Forget leaves on the line: Your train has been delayed by storks

A file photo of a Dutch stork's nest. Photo: Apdency via Wikimedia Commons
A file photo of a Dutch stork’s nest. Photo: Apdency via Wikimedia Commons

A pair of nest building storks are proving to be a headache for railway operator ProRail because they have built their nest on a pole supporting an overhead cable at Meppel station, local broadcaster Omroep Drenthe reports.

The nest is above a set of points which is used to switch tracks. This is, says ProRail spokesman Michel van den Bogaert, an inconvenient spot because the birds drop branches as they are building their nest and that causes the points to fail.

An earlier attempt to remove the nest failed because the storks, who are prone to return to spots they like, came back and built another one.

Storks are protected in the Netherlands and if they have produced eggs, there is nothing ProRail can do.

But until they have ProRail says it will continue its attempts to remove the nest. ‘We have permission from the provincial authorities to do this provided we hurry it up and that an ecologist accompany us to check for eggs,’ Van den Bogaert said.

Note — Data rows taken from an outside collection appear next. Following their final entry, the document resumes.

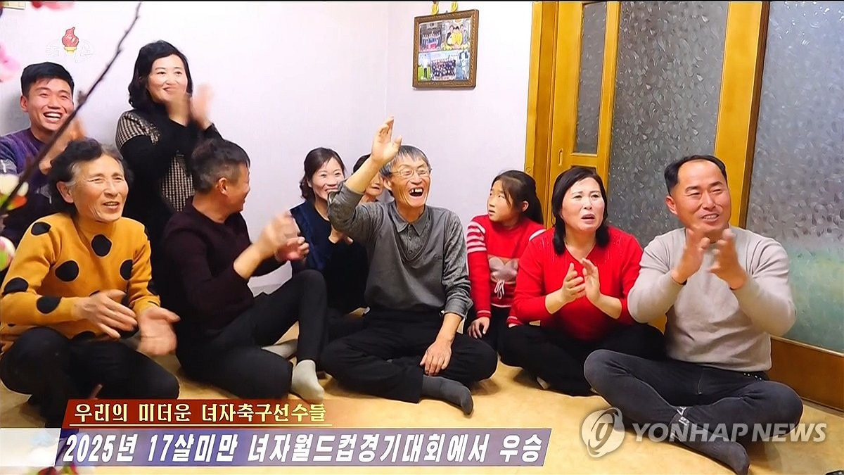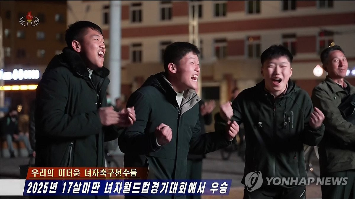(서울=연합뉴스) 북한 조선중앙TV는 지난 9일(한국시간) 모로코 라바트에서 열린 2025 국제축구연맹(FIFA) U-17 여자월드컵 결승 경기를 11일 중계했다. 사진은 북한 주민들이 시내 대형전광판과 TV로 결승 경기를 관람하다 선수들이 골을 넣자 환호하고 있다. 북한은 네덜란드를 상대로 3-0 대승을 거두고 정상에 올랐다.[조선중앙TV 화면] 2025.11.11 [국내에서만 사용가능. 재배포 금지. For Use Only in the Republic of Korea. No Redistribution] nkphoto@yna.co.kr
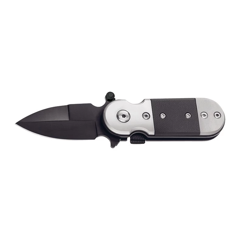 Le Böker Magnum Black Lightning est un mini couteau automatique au design futuriste. Sa très petite taille (longueur de 75mm) permet de l’emporter facilement n’importe où, d’autant plus que son poids n’excède pas les 100 grammes. Son manche est fait d’acier inoxydable finition sablée, ainsi que de G10 coloris noir au centre, pour un aspect des plus élégants. Le clip de poche vient confirmer la très grande facilité de port quotidienne.
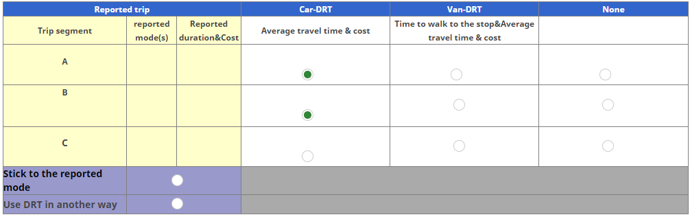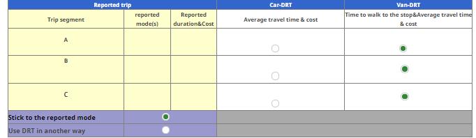 This means, either Car-DRT or Van-DRT for the whole trip or parts?only select one option
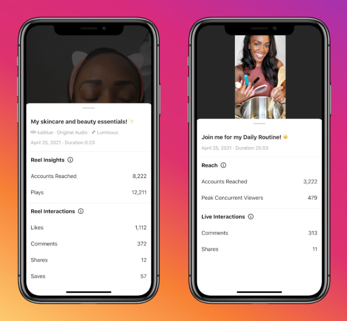 Instagram is now adding some additional features for business and creator accounts that allow users to access various metrics called insights. This basically tells creators and businesses how well their live videos and reels are doing.
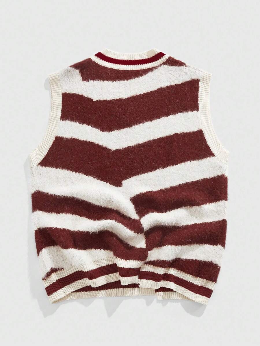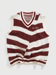 Street Life Chaleco de punto suave con cuello en V y contraste de color, estilo universitario retro, para otoño e invierno
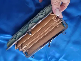 Elegante Cartera billetera de ante verde y piel. Creo que es marca El Caballo. Especialmente dedicada para los asistentes a un congreso. Se conserva en su caja. Cartera, monedero, billetero #cartera #carteradecuero #carteradepiel #billetera #monedero Su diseño combina materiales de calidad para un look sofisticado. - Material exterior de ante verde. - Detalle de piel en color coñac. - Costuras decorativas y perforaciones.
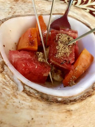 I ordered a Choice Catch of Squid, while the rest of my colleagues shared the Kalui Special of the Day Set. The food, in general, wasnât that spectacular, but it was ok. The Fish Roll in Coco Cream, which came with the set, was notable; it tasted and smelled like some Thai curry. When we finished the main course, they served us complimentary slices of papaya, watermelon, and pineapple, sprinkled with brown sugar, and served in a halved coconut.
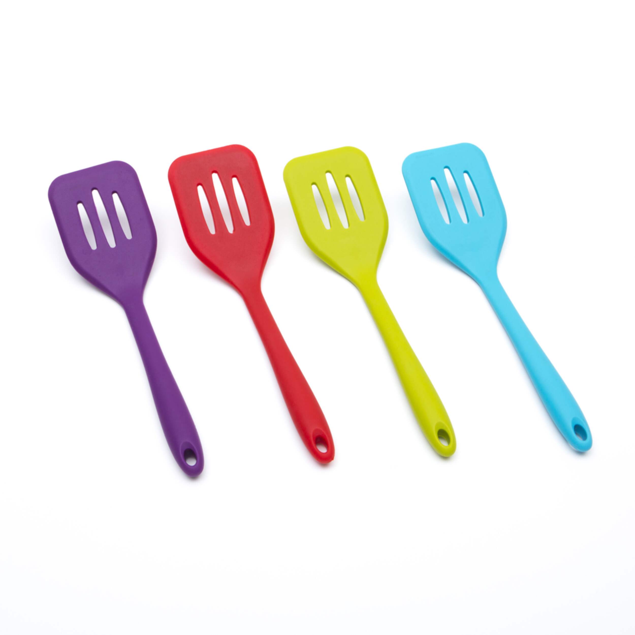 Make preparing food at home simpler with help from a MASTER Chef Silicone Slotted Turner. This slotted turner makes it easy to flip or serve food and the silicone turner is designed to glide easily beneath foods on non-stick cookware. A must-have everyday tool in any kitchen, the heat-resistant turner withstands temperatures up to 500 °F and is dishwasher safe. The practical chef turner is available in assorted stylish colours of red, green, blue, or purple.

Stork nests are protected too, even when the owners are not around, stork expert Frits Koopman told the broadcaster, and the legal requirement is that there must be an alternative nesting place on offer.

ProRail has said there are places near the local hospital but the storks are not inclined to move. ‘They like to do their own thing,’ Koopman said. ‘Older storks like to return to their former nesting places which they regard as their spot.’

Another five nesting poles have been placed in Koekange, some 12 kilometres away but there too the storks prefer the overhead lines. ‘That means storks are run over by train quite often, at least some ten to twelve times a year,’ Van den Bogaert said.